Induction Therapy & Interferon
Induction Therapy with Consensus Interferon is Superior to Conventional Dosing in Previously Untreated Patients
Five times a week dosing of consensus interferon is twice as effective as the same dose administered three times a week for 48 weeks, according to preliminary results in a study of previously untreated Hepatitis C patients.
For patients in the five times per week group, 69% (9/13) were HCV RNA negative at 12 weeks of treatment. The three times per week group showed a 38% (5/13) HCV RNA negative rate.
A subset of patients has reached the 48 week point in treatment, which is often considered a standard time for evaluating treatment success. For patients who have completed 48 weeks of treatment, 75% of patients (6/8) receiving 15 micrograms of consensus interferon (Infergen) five times a week showed no sign of virus in their blood at 48 weeks, compared to 33% (1/3) who received the same dose of the medication three times a week. All of the patients cited in the end of treatment data had genotype-1 virus.

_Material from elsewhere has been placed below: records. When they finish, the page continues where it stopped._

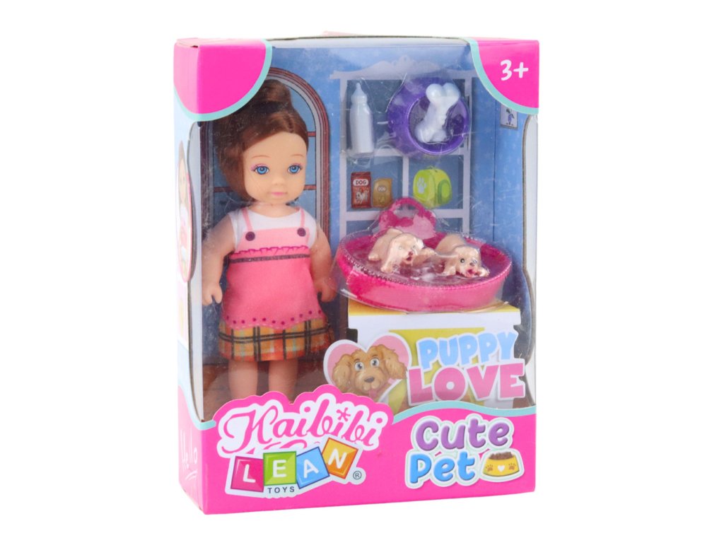 Stylizaci doplňují růžové botičky a tmavé vlasy svázané do culíku, které dodávají postavičce přirozený půvab Největší atrakcí setu jsou dvě malé štěňátka, které lze krmit, ošetřovat a ukládat ke spánku v přiloženém růžovém pelíšku s motivem tlapky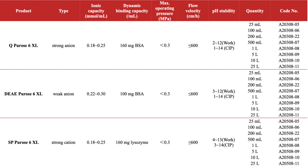 IEX Purose 6 XL series is an ion exchange chromatographic medium that is based on 6% highly crosslinked agarose grafted with dextran, and it is specially designed to lower the manufacturing cost of biopharmaceuticals by raising the throughput of production scale chromatography processes. Their extremely high loading capacities, combined with high throughput, increase the productivity of manufacturing operations. The medium is uniform in particle size and has an average particle size of 90 μm.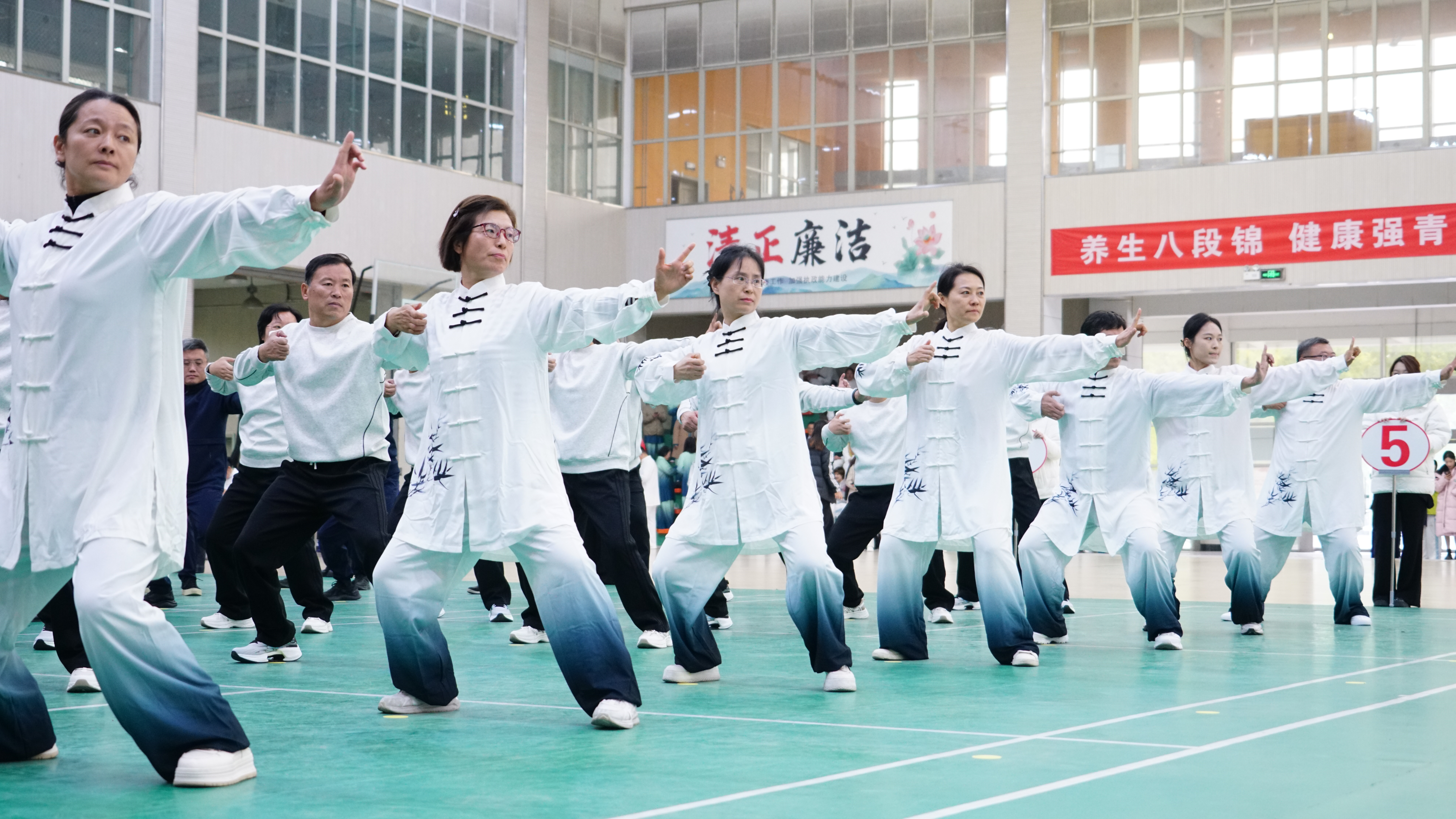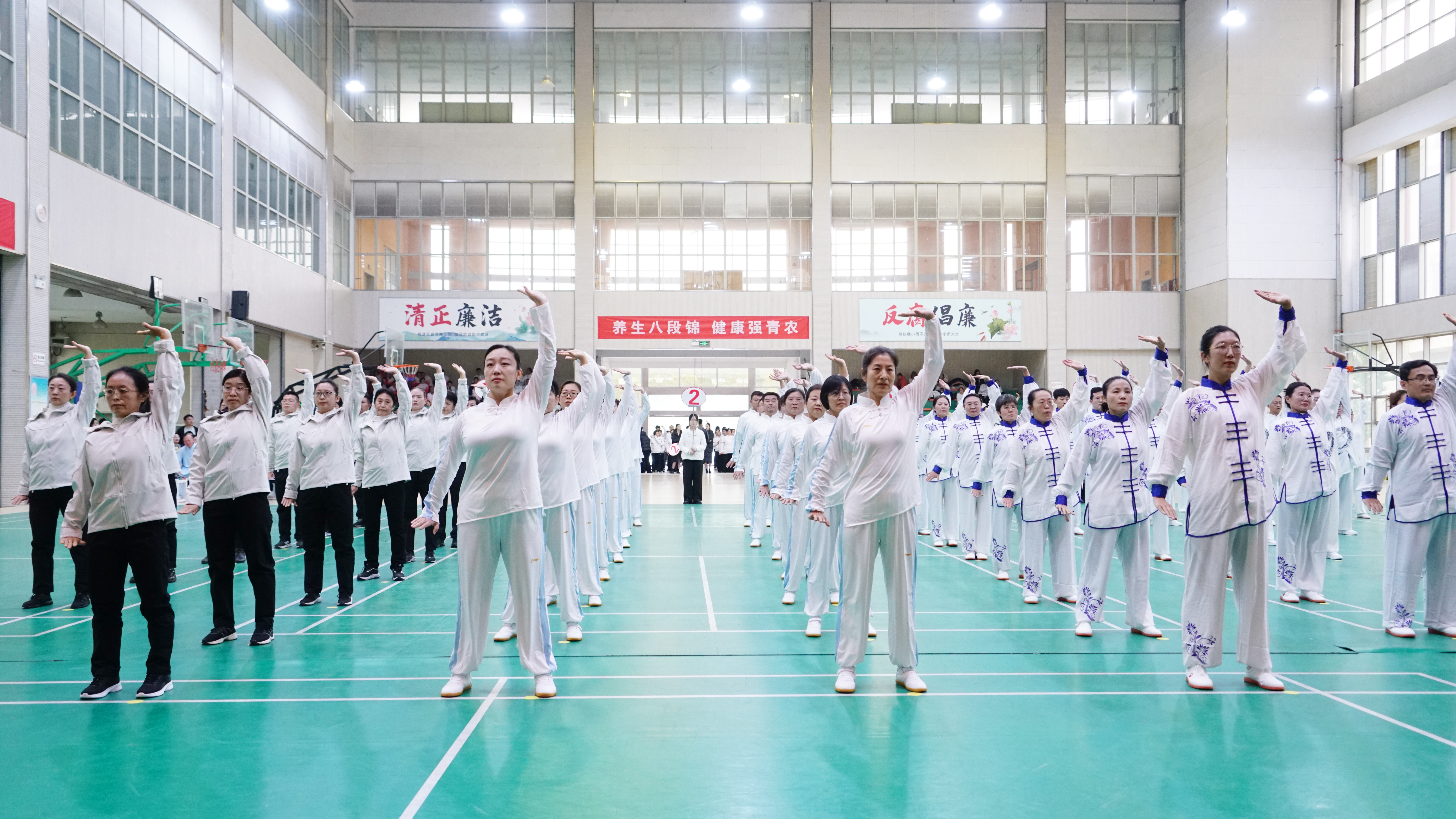 为开辟拓展教职工健康健身新途径,校工会组织开展了教职工八段锦推广普及和比赛活动,不仅弘扬了中华优秀传统文化中的养生理念,还进一步激发了教职工参与体育健身的热情,受到了广大教职工的欢迎。

|Proportion of Patients Who Are HCV RNA Negative|
|at 12 weeks||at 48 weeks|
“The end of treatment data is really exciting,” says lead researcher Carl Jones, DO, gastroenterology fellow at Allegheny General Hospital in Pittsburgh, Pennsylvania. “A significant portion of those patients are probably going to have a sustained response.” Dr. Jones will soon test four patients who are six months post treatment for sustained viral response. “By the end of June I should have some sustained response data,” he says, adding, “But the end of treatment data looks very solid.”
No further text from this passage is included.